Burundi will raise government spending by about 25 percent in the next fiscal year, supported by rising revenues from mining and efforts to diversify exports, Finance Minister Alain Ndikumana said on Friday.
The central African nation plans to spend 6.7 trillion Burundian francs (US$2.26 billion) in the 12 months starting July, up from 5.4 trillion francs in the current fiscal year, according to the budget presentation.
The expansion reflects government expectations of stronger economic activity, particularly in agriculture and mineral production, as authorities seek to broaden the country’s narrow revenue base.
Growth is forecast to rise to 5.5 percent next year, up from 4.7 percent, driven by increased irrigated agricultural output and a gradual expansion in mining production, Ndikumana said.
Mining remains a key strategic sector for Burundi, with output including gold, tin, tantalum and tungsten, all of which are important export commodities for the resource-dependent economy.
The government has increasingly turned to the mining sector as a potential engine of growth and foreign exchange earnings, alongside agriculture, which remains the backbone of the economy and employs the majority of the population.

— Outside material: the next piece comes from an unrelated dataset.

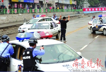 14:58,被搶車輛駛到經一緯二路口,早已就位的巡警立即舉牌示意停車接受檢查,但犯罪嫌疑人拒不停車,而且加速沖關一路向西逃竄。路口巡警見狀,立即驅車追了上去。

Officials said the stronger fiscal outlook is partly linked to expected improvements in export performance and ongoing efforts to formalise and expand mineral production.
As part of broader policy adjustments, Burundi will also scrap import taxes on electric and hybrid vehicles, a move the finance minister linked to fuel shortages that have been worsened by global supply disruptions and recent geopolitical tensions.
The decision reflects growing pressure on governments in developing economies to manage energy costs and reduce dependence on imported fossil fuels, particularly in the context of volatile global oil markets.
Fuel shortages have been a persistent challenge in Burundi, affecting transport, commerce and industrial activity, and contributing to inflationary pressures in the wider economy.
Economists say the planned increase in public spending could support short-term growth but will require careful fiscal management to avoid widening deficits or increasing debt vulnerabilities.
Burundi remains one of the world’s poorest countries, with limited infrastructure and heavy reliance on external aid, making fiscal planning highly sensitive to commodity price fluctuations and donor support.
The government has prioritised infrastructure investment, agricultural modernisation and mining sector development as key pillars of its medium-term development strategy.
If successful, officials believe these reforms could help sustain higher growth levels and improve living standards over the coming years, though analysts caution that structural constraints remain significant.